Increasing Camera Trap Efficiency with Machine Learning
BBC Wildlife Camera-trap Photo of the Year 2014
As machine learning becomes more and more ubiquitous, the development of smart devices and IoT that’s “on the edge” should become dramatically easier. Given this, I was interested in exploring applications for machine learning in conservation biology, specifically in animal recognition for camera trap images.
Camera traps, used by environmentalists, filmmakers, and researchers, are deployed into the wild to monitor animals. Triggered by infrared sensors, camera traps can detect movement and autonomously capture photos and videos of animals. This is a boon and curse for environmental monitoring because image results can vary widely, ranging from false positives to shots worthy National Geographic. Similarly, researchers may collect an overabundance image data or none at all. The variability in camera trap results makes image processing and deployment management an incredibly tedious process.
Using object detection and image classification models, we can make animal monitoring much more efficient. The range of efficiency, however, depends on how machine learning is applied. In this article, I will provide a brief introduction into two possible avenues to explore.
But before jumping in, I would like to first cover the limitations of machine learning for image processing. While it would be immensely convenient to use machine learning to identify species all over the world, there are simply too many species for one model to cover. The most practical application of machine learning would be to build an object detection model to identify the presence of animals in an image, and then complement the object detection model with a regional, geographically-specific image classification model. The results of object detection models for animals have been proven to be quite robust, reducing the time spent sifting through false positives. Furthermore, image classification models trained on smaller subsets of animals have also provided accurate results.
So, the first and most straightforward method of increasing animal recognition efficiency is to simply run camera trap images into an object detection and image classification model once all images are collected. In my time perusing the internet for available models, I found an open-sourced animal object detection model run on InceptionNet that was built by Microsoft’s AI for Earth project.
Unfortunately, I was unable to find any open sourced image classification models because of its lack of generalizability. There have been multiple research efforts examining the accuracy of animal classification, and results have shown that a model trained for a specific location will perform significantly worse when applied to a new geographic region. An example may be found here.
Most models were built to research image classification accuracy, trained for specific locations such as the American Midwest. When applied to a new location, image classification accuracy decreases significantly. If you are interested in training your own image classification model, you may find valuable datasets in Lila Science, a library for environment-related datasets. I would recommend using the datasets, Caltech Camera Traps or Snapshot Serengeti.
The second and more ambitious method is to build a camera trap “on the edge.” There are currently no camera traps that offer on-device machine learning, but it is quite easy to build a nascent one using accessible hardware.
To test this possibility, I simply hacked a Google AIY vision kit, which comes with a Raspberry Pi, Vision Bonnet (Google’s ML processing board), Pi Camera, and other hardware pieces to tie it all together. To make it a real camera trap, I added my own PIR sensor that would trigger the camera to take an image and process it with a model.

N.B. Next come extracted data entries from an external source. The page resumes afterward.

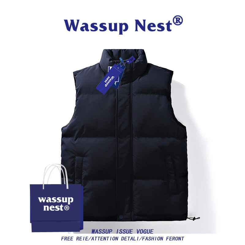 WASSUP NEST 다운 코튼 조끼 남성 겨울 2023 새로운 가을 겨울 조끼 툴링 어깨 조끼 남성 조끼스토어 가기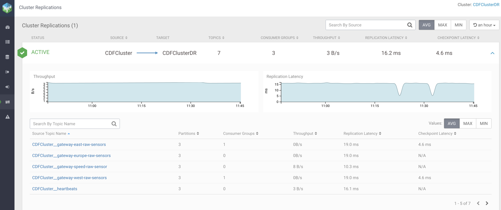You can view the status of the replications, source cluster names, target cluster names, number of topics to be replicated, number of consumer groups, throughput of the replication, replication latency, and checkpoint latency. SMM also displays two graphs, one represents the throughput of the replication and the other displays the replication latency of the replication along with the details of each topic to be replicated.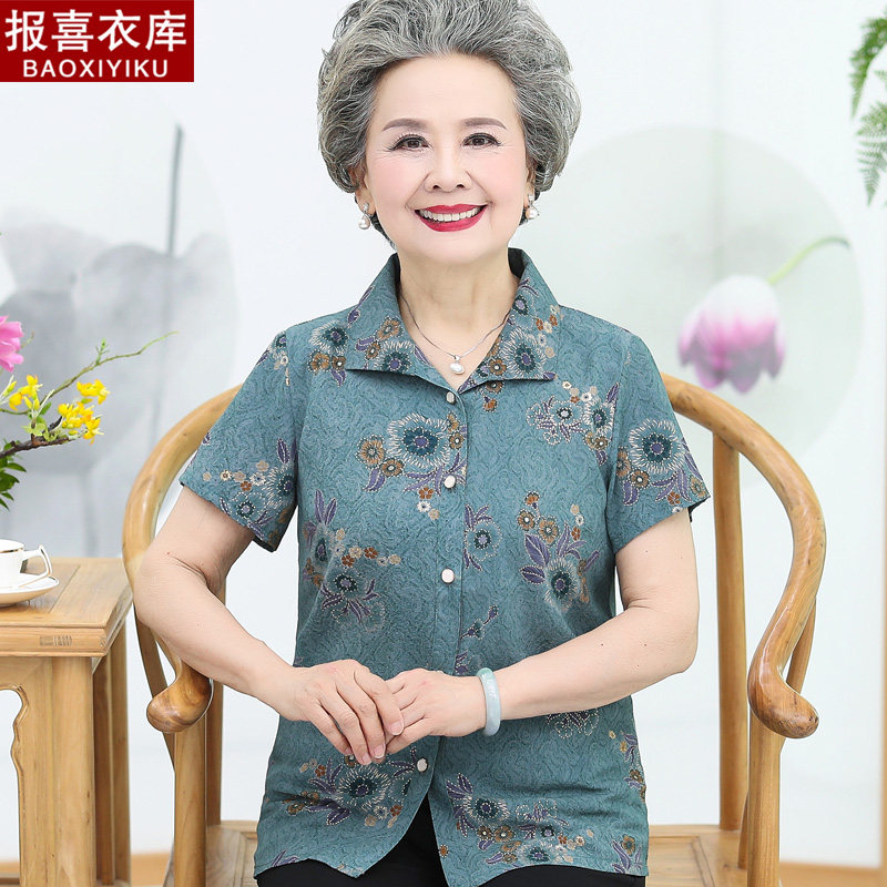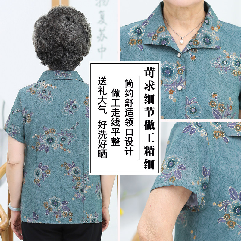 Middle-aged and elderly Xia loaded female short sleeve T-shirt 60 years old and older clothes mother suit mother-in-law-grandmother-in-law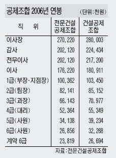 14일 전문건설공제조합에 따르면 2006년 기준으로 임원급(이사∼이사장) 연봉이 1억7622만∼2억7022만원에 달하는 것으로 조사됐다. 전문건설공제조합은 3만8000여 전문건설업체의 공사 보증과 융자업무를 맡아 수행하는 곳이다.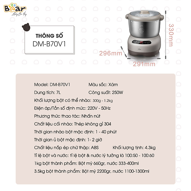 Máy Trộn Bột 7L Bear DM-B70V1 (HMJ-A70C1) với dung tích 7L, động cơ mạnh mẽ giúp bạn nhào bột làm bánh nhanh chóng và thật đơn giản. Thiết kế thời trang nhỏ gọn phù hợp với mọi căn bếp, cùng Bear Việt Nam trải nghiệm ngay DM-B70V1 (HMJ-A70C1) dung tích 7L nhé.
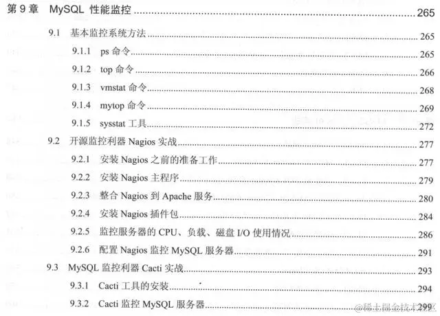 第9章介绍MySQL性能监控。包括基本监控系统方法、开源监控利器Nagios 实战、MySQL监控利器Cacti实战。
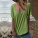 Casual Style Short Sleeve V-neck Solid Color T-shirt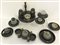 Gruppo di otto calamai in legno ebanizzato di forma circolare con contenitori i

On the software side, there were already a number of built in TensorFlow models that were fun to play with but not all that useful for building a camera trap to recognize animals. Nonetheless, I used TensorFlow’s image classification model to build a simple prototype and test functionality within the Conservify lab. To really build robust machine learning models “on the edge,” you can retrain the TensorFlow object detection model using SSD MobileNet with the same database that was used to build Microsoft’s model. Tutorials to learn how to retrain TensorFlow models are also available on Tensorflow’s website.

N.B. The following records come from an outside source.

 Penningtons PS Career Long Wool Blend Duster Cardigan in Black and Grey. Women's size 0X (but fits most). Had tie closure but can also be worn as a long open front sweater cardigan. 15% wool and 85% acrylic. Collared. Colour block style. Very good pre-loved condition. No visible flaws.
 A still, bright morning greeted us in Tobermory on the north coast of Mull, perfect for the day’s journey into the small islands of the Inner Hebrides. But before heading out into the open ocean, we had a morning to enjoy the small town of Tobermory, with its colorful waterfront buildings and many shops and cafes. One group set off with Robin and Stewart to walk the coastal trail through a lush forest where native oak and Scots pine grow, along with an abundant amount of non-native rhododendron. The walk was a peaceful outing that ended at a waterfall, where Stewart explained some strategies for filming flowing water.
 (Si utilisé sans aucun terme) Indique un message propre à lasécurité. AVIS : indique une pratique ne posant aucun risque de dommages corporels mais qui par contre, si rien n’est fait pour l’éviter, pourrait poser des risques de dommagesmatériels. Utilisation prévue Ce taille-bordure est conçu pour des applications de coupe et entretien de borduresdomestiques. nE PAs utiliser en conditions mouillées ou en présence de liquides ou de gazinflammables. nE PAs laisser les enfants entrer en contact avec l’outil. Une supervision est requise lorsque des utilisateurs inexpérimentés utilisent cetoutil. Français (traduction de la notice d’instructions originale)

Beyond machine learning, there is also a big space for technology that allows for real time updates using tools like LoRa or cellular connection. Real time updates could help reduce the duration in which camera traps are deployed in the wild by notifying users when images have been taken. We at Conservify are currently experimenting with various types of communication hardware to tackle this problem. We’ll hopefully provide an article on this soon. In the meantime, have fun exploring! There is so much potential for innovation in the space of animal recognition and camera traps.